For lack of a better word, power tools are powerful. For most professionals in construction, power tools are entirely essential to building the large, complex structures that are in demand.
The last thing a construction professional needs is for their power tools to fail — which is why everyone needs to put in the effort to maintain their tools properly. Here are a few tips and tricks for power tool maintenance, so professionals can trust in the functionality of their most-used power tools.
Table of Contents
Allow Hot Tools to Cool
Power tools draw a lot of energy to provide the immense power professionals need, and that energy can cause motors to overheat. Heat is a serious threat to the longevity of power tools; high temperatures can cause delicate components to break or become misshapen, reducing the power of the tool or preventing its operation entirely.
Overheating often occurs when a tool is used to work with a difficult material or when a tool is used for too long a period without a break.

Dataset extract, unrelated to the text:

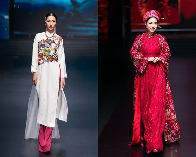 The collection also highlights áo dài (Vietnamese traditional dress) embroidered with Vietnamese traditional patterns such as horse, peacocks, đào (cherry blossom), and chrysanthemum.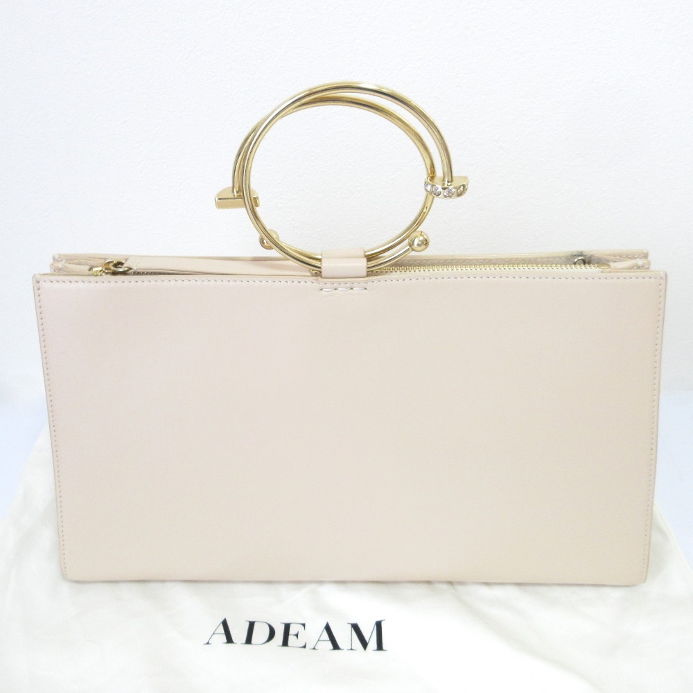 良品 ADEAM アディアム フォクシー スクエア Art Frame Bag レザー ビジュー 2WAY トートバッグ ショルダーバッグ ベージュ

Professionals should check their tools frequently for high temperatures and allow tools to cool down periodically to improve functionality.
Clean Power Tools Regularly
Construction sites are rarely clean spaces, and power tools tend to become covered in dust and grime in a matter of hours, if not minutes.
After every shift, professionals should take the time to clean the tools they used, wiping away dirt with a cleaning cloth and using a brush or compressed air to remove debris from interior spaces. The more religiously professionals complete this end-of-shift ritual, the longer their power tools are likely to last.
Sharpen Bits and Blades Often
No bits or blades last forever. These hardworking components of power tools should need replacement much more frequently than the tool itself.
The continued use of dull bits and blades will put unnecessary stress on a power tool, which will need to work harder to achieve expected results. In some cases, bits and blades can be sharpened to prolong their life; as long as this is cost effective, professionals should continue sharpening these components.
Lubricate Moving Parts
Moving parts almost always benefit from some extra lubrication. On construction sites, dirt and grime can cause friction, which results in greater effort from power tools and can cause lasting damage.
Professionals should consult the manuals of their tools to determine which tools need regular lubrication — and which types of lubrication to use.
Replace Worn Parts
It is tempting to replace an entire tool when one part wears out, but it is possible and often cost-effective to take the tool apart and replace the worn components. It might be useful for professionals to develop positive relationships with local power tool repair shops, which might decrease costs and increase speed of service.
Calibrate Precision Tools
Many power tools are precision instruments, meaning they have a number of moving parts that must remain in alignment for the tool to function as needed. After a certain number of hours of use, almost every power tool requires some degree of recalibration, which professionals can follow using the schedule found in their user manual.
Understand Battery Maintenance
Many commercial-grade power tools are corded, but some professionals do prefer some tools to be battery powered.
However, batteries are power tools of their own which require their own special maintenance. Because replacement power tool battery packs can be expensive, professionals should try to care for batteries as well as they can. In general, this means maintaining a charge between 20 and 80 percent, avoiding overcharging and keeping batteries out of extreme temperatures.
Store Tools in a Clean, Dry Space
After every use — after the cleaning regimen — tools should be carefully placed in a storage solution that keeps them clean and dry. Truck boxes are excellent storage locations for professional power tools which must be accessible on job sites, though professionals might opt for lockable boxes that will keep their power tools safe from theft as well as the environment.
Power tools may seem strong and tough, but the smallest mistreatment can make them utterly unusable. With proper care, power tools can continue functioning well for decades, so professionals should put work into keeping their tool investments well maintained.